I hemmed and hawed and ended up getting the nifty fifty. For $100, it's about the same price as a filter for the Zeiss, and it's tiny and practically weightless, so I don't have gear bloat. 

I already had a great 50, so why bother wasting money on another top-of-the-line 50?


----------



## willrobb (Jan 12, 2012)

I have to say I really love my 50mm f1.2L as well. It's got good AF (I can't say it's amazing compared to other L lenses, but at f1.2 you can't ask for much more), it's built like a tank, weather proofed and the IQ is great...seriously great.
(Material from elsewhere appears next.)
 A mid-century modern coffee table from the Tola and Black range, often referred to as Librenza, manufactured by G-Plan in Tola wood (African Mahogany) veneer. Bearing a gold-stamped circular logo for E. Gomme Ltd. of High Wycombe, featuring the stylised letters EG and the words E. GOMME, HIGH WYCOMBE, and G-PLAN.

Again, here are some pics with it.


----------



## willrobb (Jan 12, 2012)

Also, from a previous posting on another thread, a few people were saying that the Sigma 50mm f1.4 is a pretty good lens. Some people say it's better than the canon 50mm f1.4, also not too far off the canon 50mm f1.2L, some even say it's better than the canon 50mm f1.2L. I think it's all very personal in what you are looking for in a lens, but if the Sigma is as good as they say it is, for the price tag it might be a good addition if you already have the 50mm Zeiss?


----------



## D.Sim (Jan 12, 2012)

Cheap alternative: Nifty Fifty.
Slightly faster, I'd go with the Sigma 1.4 over the Canon 1.4, unless Canon updates that lens (PLEASE!)...
If you can afford it though, the L is pretty awesome, can't say much about 1.2 other than... well... 1.2
These lenses all have the speed advantage over the Zeiss, and also AF...


----------



## JR (Jan 12, 2012)

myocyte said:


> Here are some miscellaneous pictures I took from a recent vacation.
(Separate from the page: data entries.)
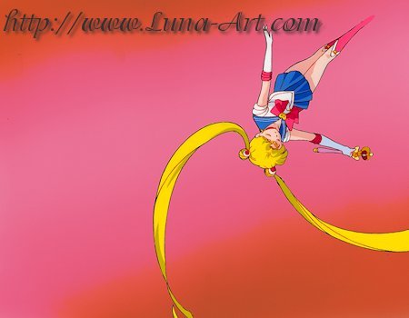 Sailor Moon holds her spiral heart moon rod and flips around all over the screen as each of the other Sailor Senshi are featured in the background. While I didn't know it at the time, a Sailor Venus OP cel I bought a few years later is the A-layer that matches this cel. I have married them together to show how they originally appeared on the screen and included it below (with the exception of the non-matching background, of course).
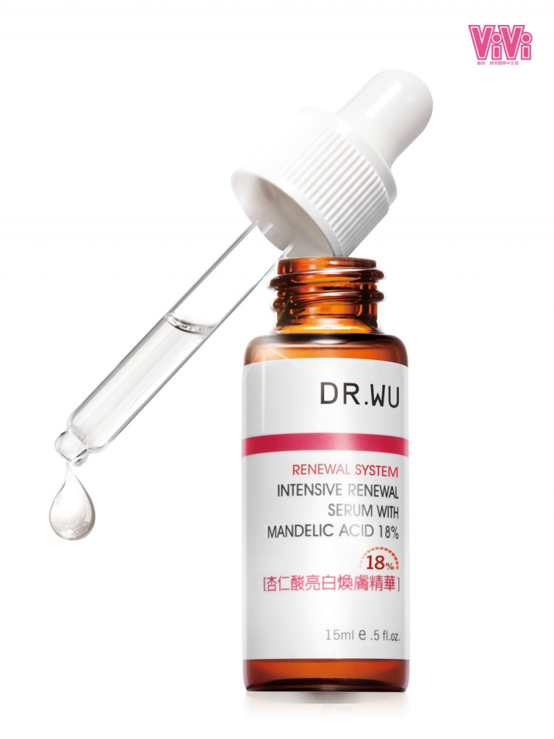 以18%的濃度改善閉鎖型粉刺、痘痘、毛孔粗大、膚色黯沉、斑點與皺紋等問題,使膚質光滑緊緻。 杏仁酸亮白煥膚精華18% 15ml NT.800/DR.WU
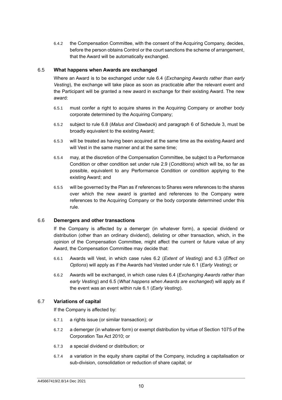 A45667419/2.8/14 Dec 2021 10 6.4.2 the Compensation Committee, with the consent of the Acquiring Company, decides, before the person obtains Control or the court sanctions the scheme of arrangement, that the Award will be automatically exchanged. 6.5 What happens when Awards are exchanged Where an Award is to be exchanged under rule 6.4 (Exchanging Awards rather than early Vesting), the exchange will take place as soon as practicable after the relevant event and the Participant will be granted a new award in exchange for their existing Award. The new award: 6.5.1 must confer a right to acquire shares in the Acquiring Company or another body corporate determined by the Acquiring Company; 6.5.2 subject to rule 6.8 (Malus and Clawback) and paragraph 6 of Schedule 3, must be broadly equivalent to the existing Award; 6.5.3 will be treated as having been acquired at the same time as the existing Award and will Vest in the same manner and at the same time; 6.5.4 may, at the discretion of the Compensation Committee, be subject to a Performance Condition or other condition set under rule 2.9 (Conditions) which will be, so far as possible, equivalent to any Performance Condition or condition applying to the existing Award; and 6.5.5 will be governed by the Plan as if references to Shares were references to the shares over which the new award is granted and references to the Company were references to the Acquiring Company or the body corporate determined under this rule. 6.6 Demergers and other transactions If the Company is affected by a demerger (in whatever form), a special dividend or distribution (other than an ordinary dividend), delisting or other transaction, which, in the opinion of the Compensation Committee, might affect the current or future value of any Award, the Compensation Committee may decide that: 6.6.1 Awards will Vest, in which case rules 6.2 (Extent of Vesting) and 6.3 (Effect on Options) will apply as if the Awards had Vested under rule 6.1 (Early Vesting); or 6.6.2 Awards will be exchanged, in which case rules 6.4 (Exchanging Awards rather than early Vesting) and 6.5 (What happens when Awards are exchanged) will apply as if the event was an event within rule 6.1 (Early Vesting). 6.7 Variations of capital If the Company is affected by: 6.7.1 a rights issue (or similar transaction); or 6.7.2 a demerger (in whatever form) or exempt distribution by virtue of Section 1075 of the Corporation Tax Act 2010; or 6.7.3 a special dividend or distribution; or 6.7.4 a variation in the equity share capital of the Company, including a capitalisation or sub-division, consolidation or reduction of share capital; or
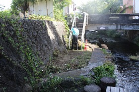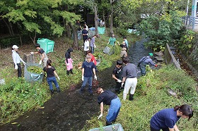2023年9月24日(日)午前10時から、青山学院大学「SHANTI SHANTI」の皆さんが、源兵衛川の草刈り作業に参加してくれました。今年はホタルが3,700匹も乱舞した水の苑緑地周辺も雑草が繁茂して、生息環境の悪化が進行していました。
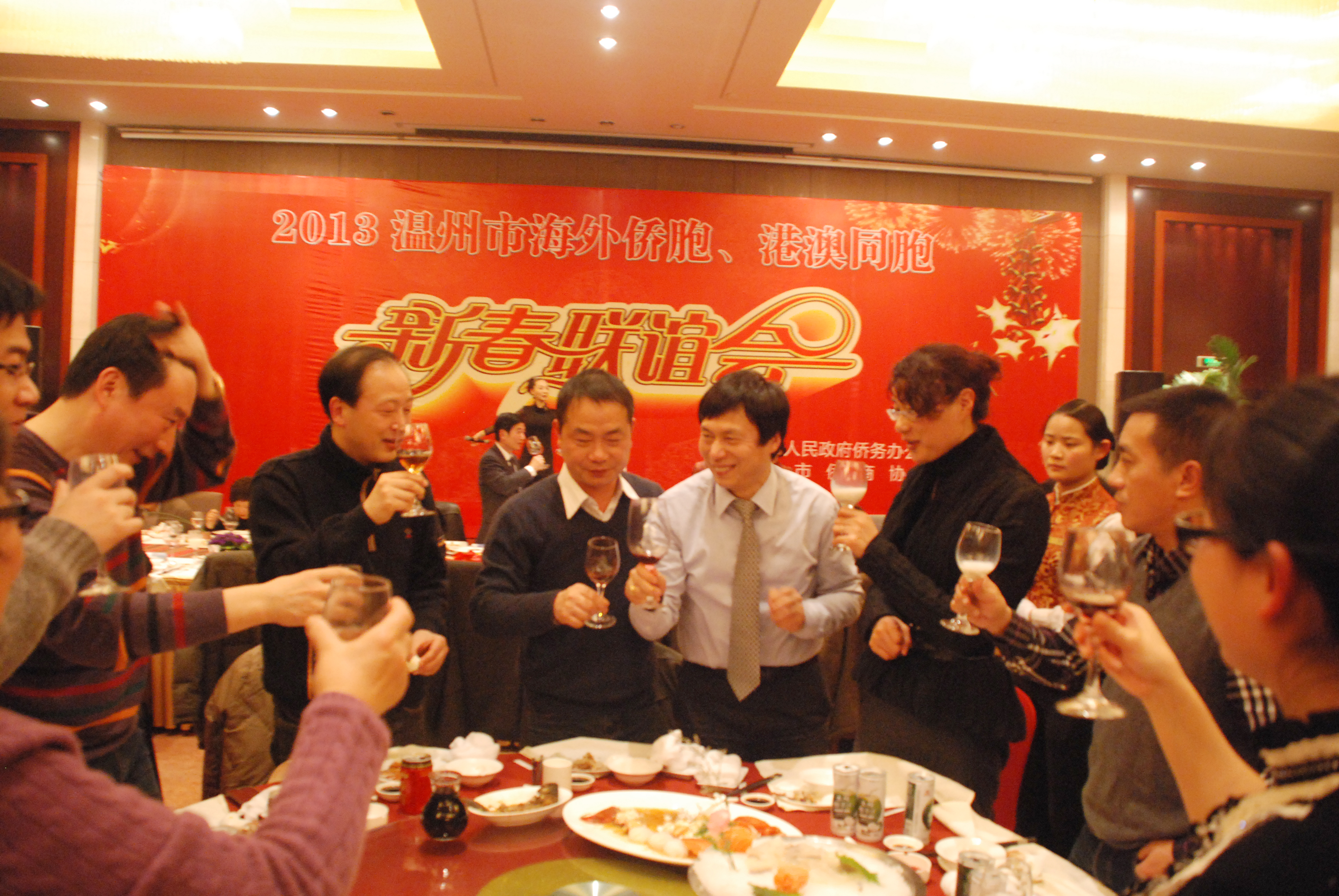 晚上, 盛大“2013年温州海外侨胞、港澳同胞新春联谊会”在滨海大酒店滨海厅举行, 作为温州海外侨胞之一即是滨海大酒店董事长冯定献先生, 一直以来从各个层面积极关注和参与家乡的投资建设,此次联谊会冯定献先生携同酒店全体员工热情接待各位海外侨胞、港澳同胞等贵宾的光临,积极宣扬温州的投资环境和优惠政策。

Very snappy indeed! I especially like the bokeh of your dog shot. Very creamy! Zeiss does make some amazing lens. I just wish I would be better at focusing manually myself! If you look at the sample from willrob from its 50 1.2 you will see it is preatty much on par with your Zeiss. So if it fits on your budget, you would not regret this 50mm L lens!


----------



## A vd vorst (Jan 12, 2012)

Read this forum message, its on a dutch forum. Is called the battle of the fifties. It compares some 50 mm lenses.
http://gathering.tweakers.net/forum/list_messages/1452930///Battle


----------



## kennykodak (Jan 12, 2012)

what's the bottom line, in English?


----------



## bigblue1ca (Jan 12, 2012)

As best I can make out thanks to Chromes' translate feature, the article doesn't draw any hard and fast conclusions. It only presents a look at all the different types of 50mm lenses and examples of their vignetting, sharpness, colour rendering, bokeh, highlight bokeh, flare, and chromatic aberration.


----------



## lang (Jan 12, 2012)

Indeed, there is no conclusion, which is done deliberately as the topic starters are from the opinion that the "perfect" lens differs per person (e.g. preference to colour, bokeh, flares, prices, weight, contrast etc.)


----------



## kolossal (Jan 12, 2012)

The 1.2L is a very fun lens to use. I find it reliable, fast and well designed. I wouldn't go for the Sigma if I were you. I had one and sold it after a couple of months to get the 1.2. It was unreliable at best, the AF wasn't precise at all and it was big and heavy. 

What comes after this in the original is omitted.